David Ramos/ getty Images

Mafalda Neto: “As viagens de finalistas são boas mas perigosas”. Pedro Geadas: “Ninguém no perfeito juízo é um vândalo quando está na noite”. Catarina Cunha: “Não é mito: o álcool é realmente barato e as drogas leves são facilmente acessíveis, no entanto está longe de ser decadente”. Catarina Costa: “É a oportunidade perfeita para testarmos a nossa maturidade ”. Priscilla Rosa: “Um segurança andava pelos corredores a tentar criar distúrbios apenas para que os meus colegas se revoltassem e, consequentemente, lhes pudessem tirar a caução”. Cláudia Santana: “Tirando um ou outro excesso, como estragar uma casa de banho ou um grupo de alunos que esteve desaparecido durante algumas horas, não tivemos grandes problemas”. Depois de quase mil alunos terem sido expulsos de um hotel em Espanha, fomos ouvir o que se faz mesmo numa viagem de finalistas

Mafalda Neto, 24 anos, Figueira da Foz
Destino: Benalmadena (Espanha), em 2010

“Sempre ouvi dizer que a viagem de finalistas seria uma loucura, com muito álcool, festa e discotecas à mistura. No entanto, escolhemos ir para Benalmadena e não Lloret del Mar, precisamente para evitar ambientes já muito afamados por excesso de álcool.

Acho que consegui equilibrar bem entre saídas à noite e aproveitar a cidade.
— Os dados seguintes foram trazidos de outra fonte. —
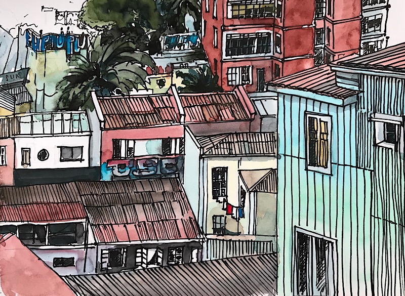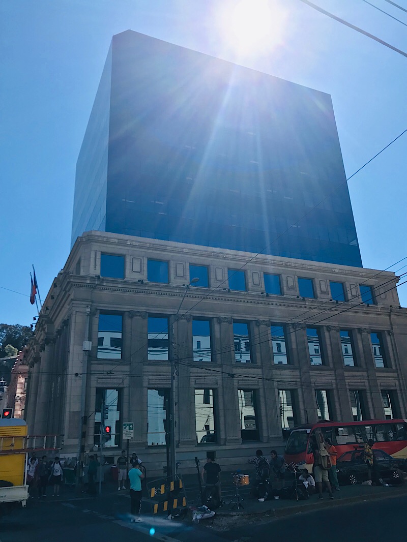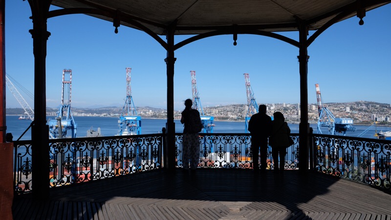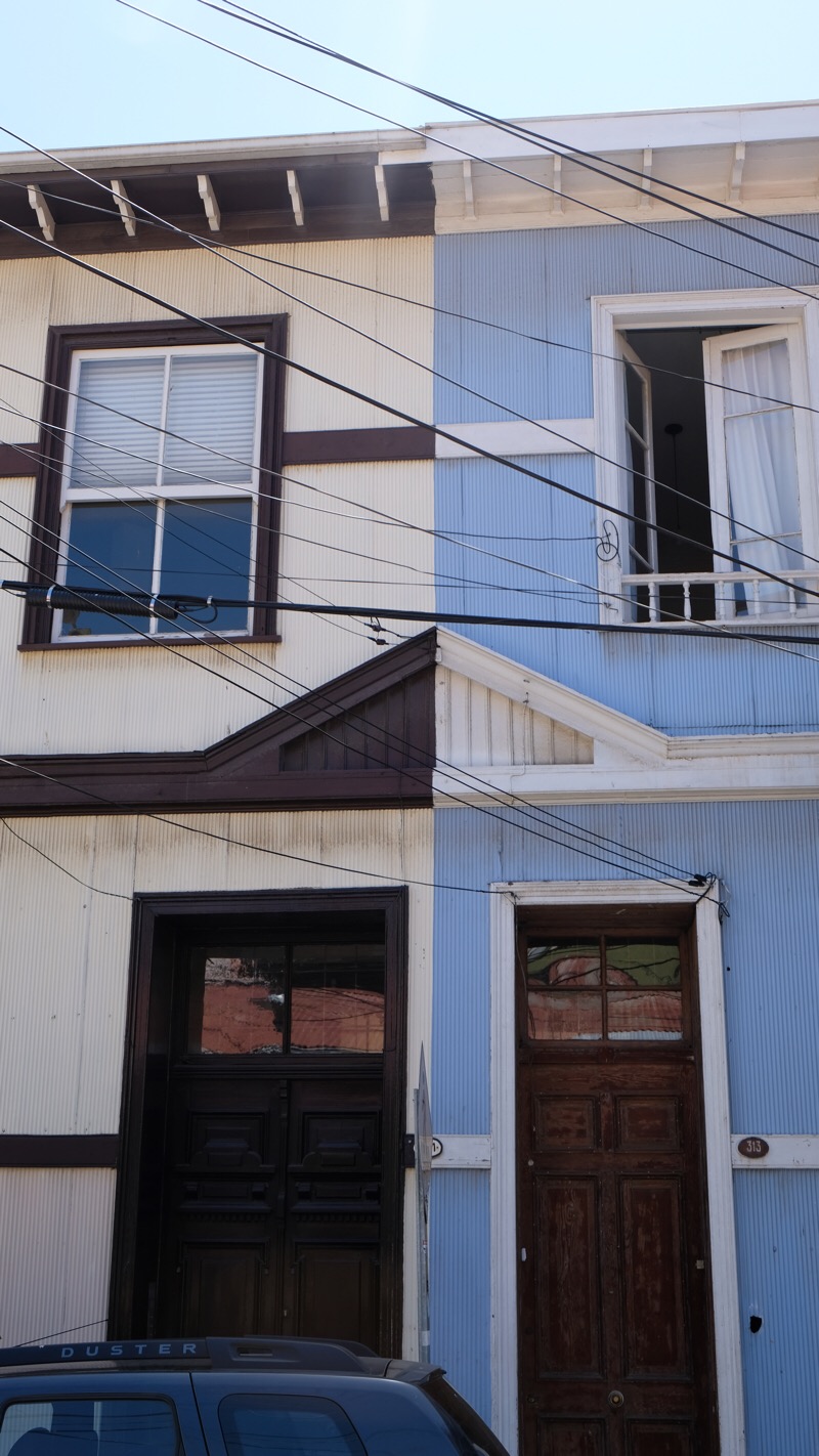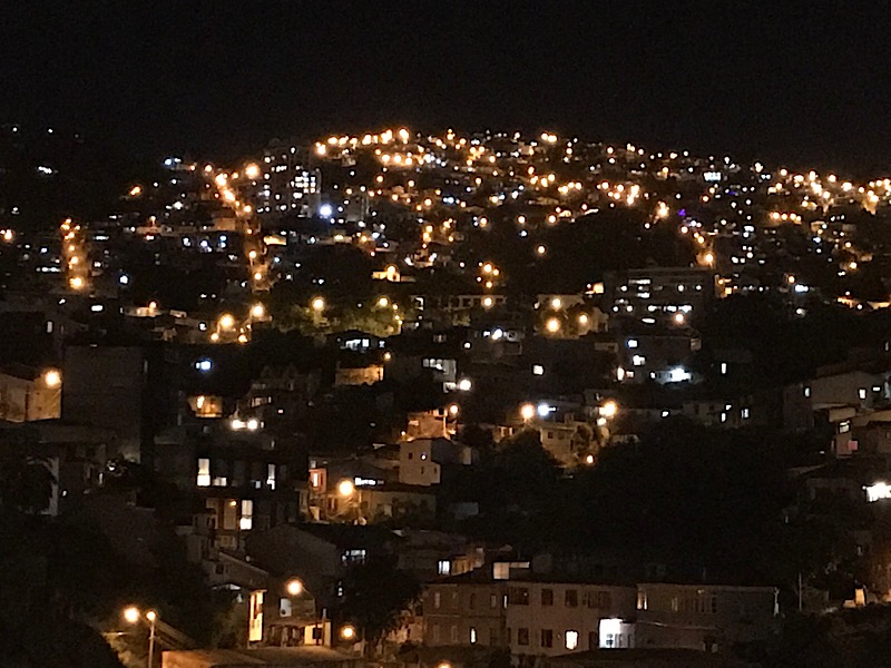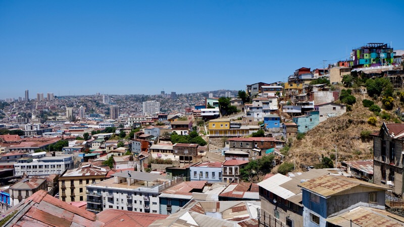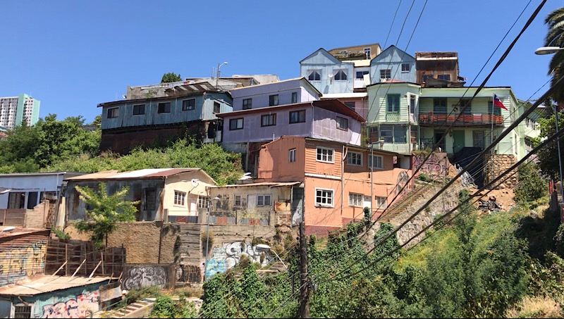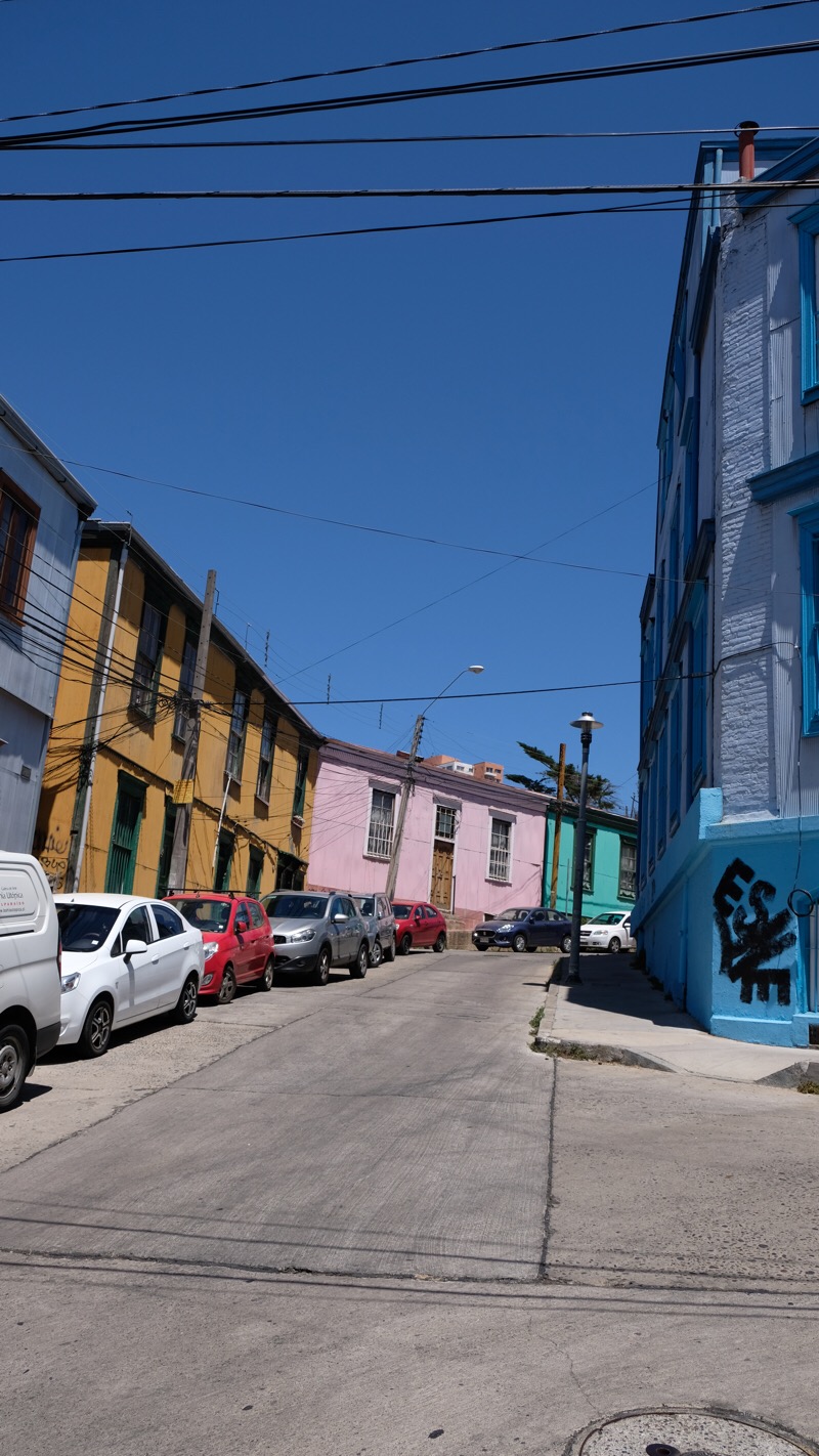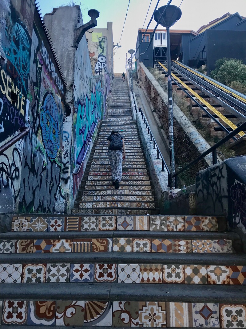 Valparaiso kletterte ausgehend von ihrem Ursprung, dem Handelshafen, über die Jahrzehnte langsam die sie umgebenden Hügel hoch. Heute hat die Stadt circa 252 000 Einwohner. Ihre Bauten erstrecken sich über 42 Hügel und bilden ein wildes und ungezügeltes Gewirr von Gassen, Häusern, Hütten, kleinen Plätzen und Durchgängen. Strassen, Gässchen, Treppen, historische Lifte und Bahnen von abenteuerlicher Steigung erschliessen die übereinander gestaffelten und wild ineinander verstrickten Gebäude. Hochhäuser gibt es nur wenige, dafür um so mehr ein- zwei- oder dreistöckige Gebäude. Neues gedeiht neben Zerfallendem; alternative Kultur, erschliesst sich die alte militärische Exerzier-Kaserne. Graffitikünstler kennen hier keine Grenzen. Alles ist farbig bemalt. Tausende von Werken bedecken fast jede! irgendwie erreichbare Fläche. Von riesigen, über mehrerer Stockwerke reichenden Wandgemälden, bis zu Kleinst-Kunstwerken auf Kandelabern oder Wasserhydranten, auf Gehsteigen, Treppenabsätzen, Bauzäunen.

Normalmente, acordava a tempo do pequeno-almoço do hotel, aproveitava a tarde na praia ou na piscina do hotel e à noite era quando reuníamos a malta toda da escola para beber e sair. Todos fazíamos o mesmo: beber, praia, rir, música, barulho. Também todos celebrámos a vitória do Benfica contra o Braga.

Havia excessos e no hotel onde estava não foi exceção. Bebida a mais, pouco respeito pelo material do hotel, fumar dentro do quarto, por exemplo. Uma das noites a polícia foi chamada por causa de um grup, sei que estiveram em risco de ser expulsos por vandalismo, com colchões pelos corredores e muito barulho até tarde. Os funcionários eram ótimos e bastante tolerantes.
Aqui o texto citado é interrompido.